== Exercise materials ==

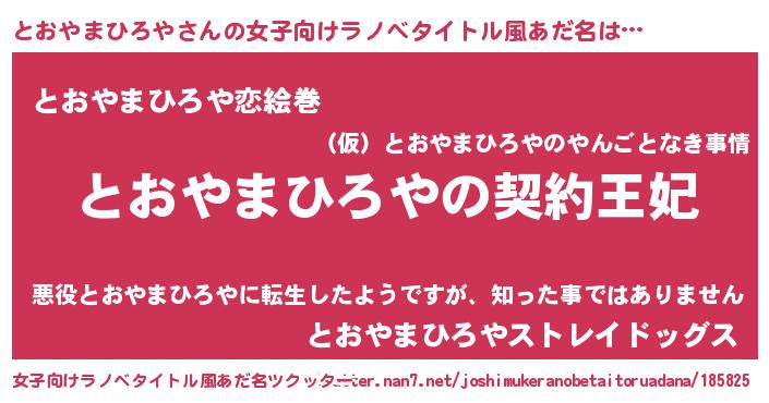 | 胡散臭い通販商品みたいなあだ名 | 『来世でも幸せになれる水素水…その名も「とおやまひろや」』 |
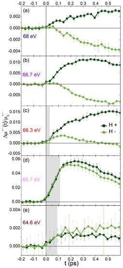 Figure 3 shows the relative absorption for both field directions, obtained using 5 different XUV wavelengths. For all these probing energies, we observe an increase of the relative absorption for majority electrons (, dark green), while the relative minority electron absorption (, light green) increases for 64.6, 65.7 and 66.3 eV and decreases for 66.7 and 68 eV. Thus, the evolution of the minority electron (, light green) absorption with time (and, to a lesser extent, the majority electron adsorption) depends on the probing energy. Note that these changes result from a modification of available states before and after optical excitation. For probing energies below the Fermi level (66.2 eV for Ni [44]) the absorption increase corresponds for example to a depletion of electrons (i.e., more free states available), similarly, for probing energies above the Fermi level (namely 66.7 eV and 68 eV), a decrease of absorption indicates that the initial free states are now occupied by excited electrons. In addition, Figure 3 shows that transient absorption changes for different applied fields do not systematically start at : the same dynamics are observed for both field directions during the first tens of fs after optical excitation for E = 64.6, 65.7, and 66.3 eV (highlighted grey regions). At first glance, this is in line with the recent observation of a delay between ultrafast electronic and magnetic dynamics [30,34]. For eV, a closer look at the first 100 fs reveals a crossing between and curves. As we will explain in the discussion section, we believe that this is the signature of a MCD spectrum shift.
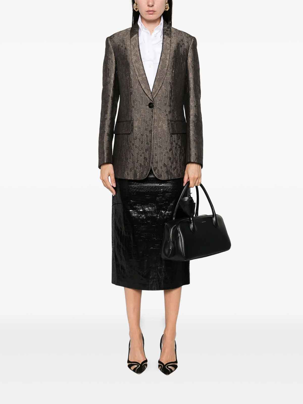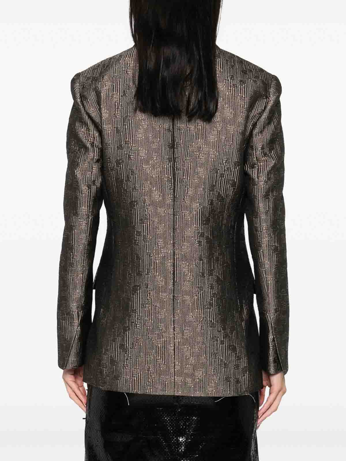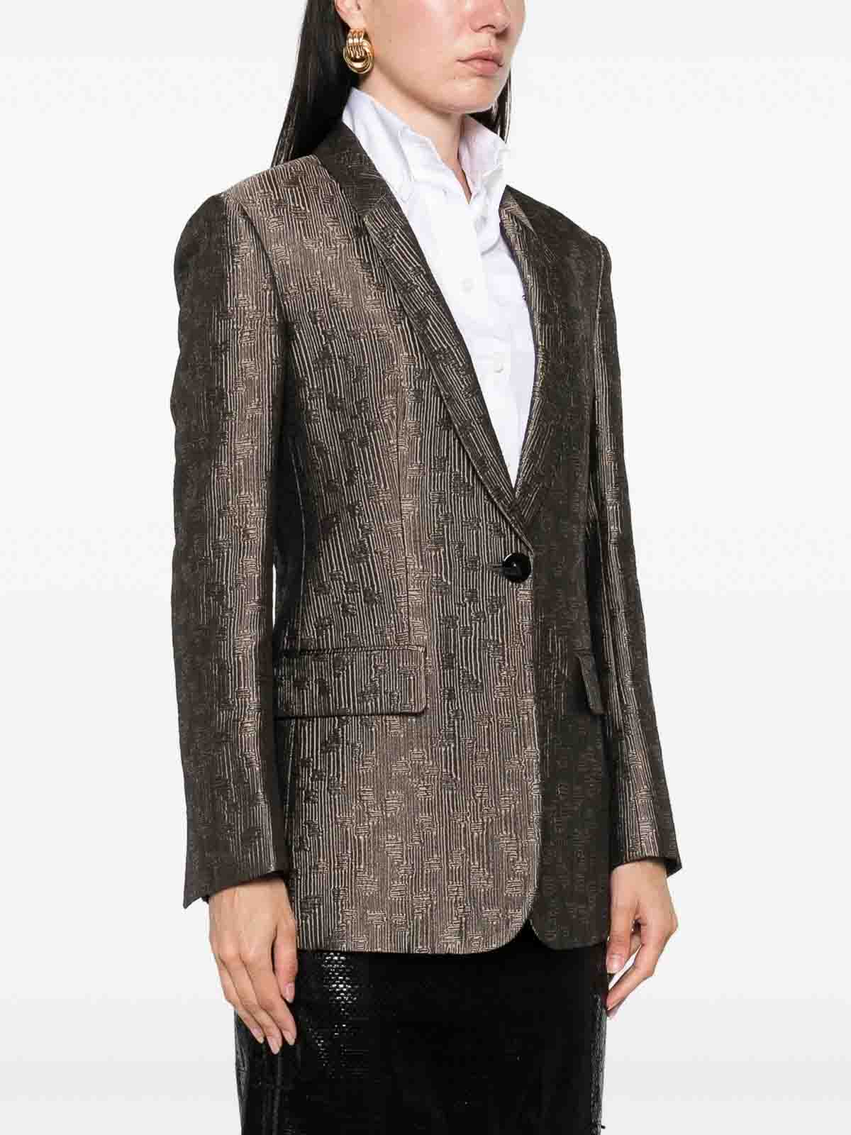 シルクとジャカード織りのシングルブレストジャケット。不規則な幾何学模様のモチーフをあしらい、裏側をフォーム素材のショールポケットにレバーで留め、流れるような洗練されたエレガンスで、両性具有のインスピレーションを求めるなら、今すぐ見つけてください。
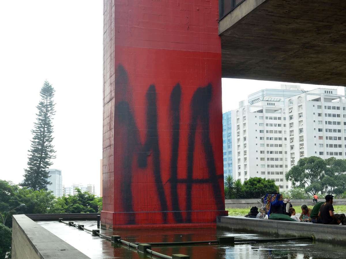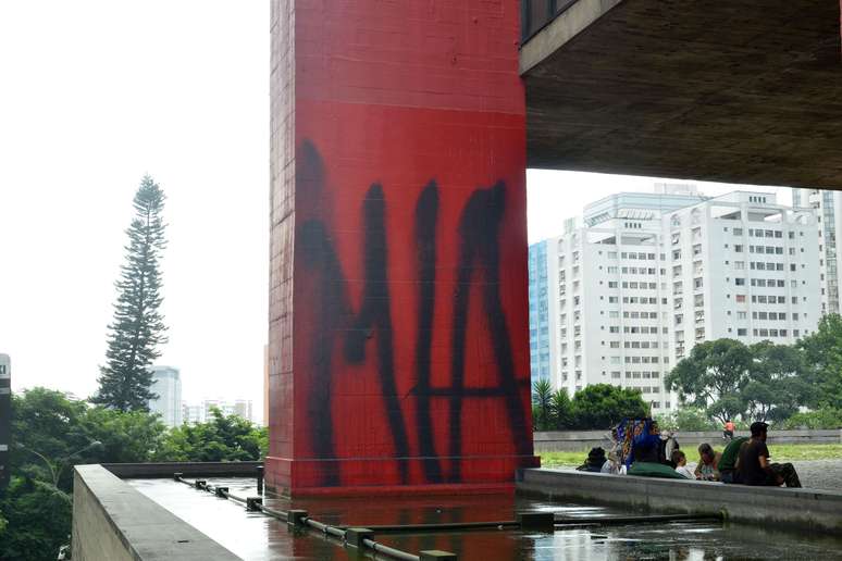 O Museu de Arte de São Paulo Assis Chateaubriand (Masp) amanheceu pichado nesta sexta-feira. Vândalos escreveram nas colunas do lado oposto da bilheteria, na esquina com a rua Plínio Figueiredo.
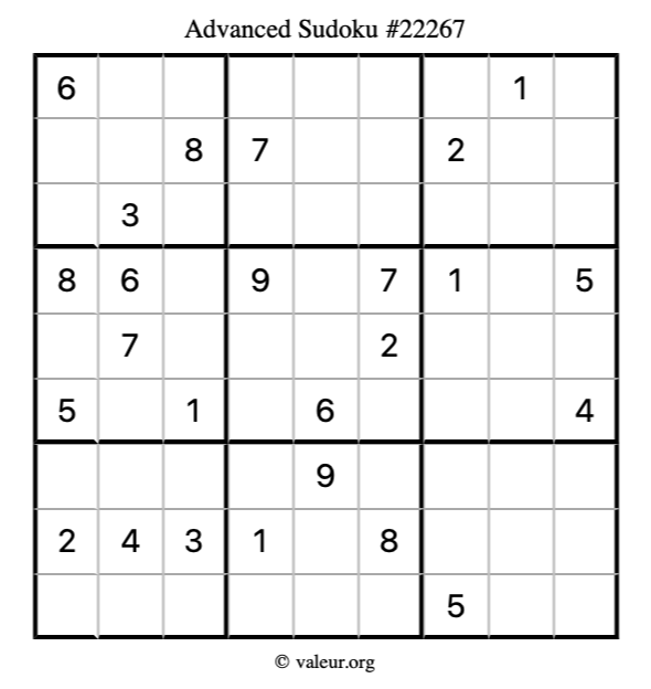 Here is our printable Advanced Sudoku Puzzle #22267. You are welcome to print a copy for yourself and solve it the old-fashioned way with a pencil and an eraser!

===

## Work task
Copy out all the data exactly; skip the pictures.

## Expected answer
 | 胡散臭い通販商品みたいなあだ名 | 『来世でも幸せになれる水素水…その名も「とおやまひろや」』 |
 Figure 3 shows the relative absorption for both field directions, obtained using 5 different XUV wavelengths. For all these probing energies, we observe an increase of the relative absorption for majority electrons (, dark green), while the relative minority electron absorption (, light green) increases for 64.6, 65.7 and 66.3 eV and decreases for 66.7 and 68 eV. Thus, the evolution of the minority electron (, light green) absorption with time (and, to a lesser extent, the majority electron adsorption) depends on the probing energy. Note that these changes result from a modification of available states before and after optical excitation. For probing energies below the Fermi level (66.2 eV for Ni [44]) the absorption increase corresponds for example to a depletion of electrons (i.e., more free states available), similarly, for probing energies above the Fermi level (namely 66.7 eV and 68 eV), a decrease of absorption indicates that the initial free states are now occupied by excited electrons. In addition, Figure 3 shows that transient absorption changes for different applied fields do not systematically start at : the same dynamics are observed for both field directions during the first tens of fs after optical excitation for E = 64.6, 65.7, and 66.3 eV (highlighted grey regions). At first glance, this is in line with the recent observation of a delay between ultrafast electronic and magnetic dynamics [30,34]. For eV, a closer look at the first 100 fs reveals a crossing between and curves. As we will explain in the discussion section, we believe that this is the signature of a MCD spectrum shift.
 シルクとジャカード織りのシングルブレストジャケット。不規則な幾何学模様のモチーフをあしらい、裏側をフォーム素材のショールポケットにレバーで留め、流れるような洗練されたエレガンスで、両性具有のインスピレーションを求めるなら、今すぐ見つけてください。
 O Museu de Arte de São Paulo Assis Chateaubriand (Masp) amanheceu pichado nesta sexta-feira. Vândalos escreveram nas colunas do lado oposto da bilheteria, na esquina com a rua Plínio Figueiredo.
 Here is our printable Advanced Sudoku Puzzle #22267. You are welcome to print a copy for yourself and solve it the old-fashioned way with a pencil and an eraser!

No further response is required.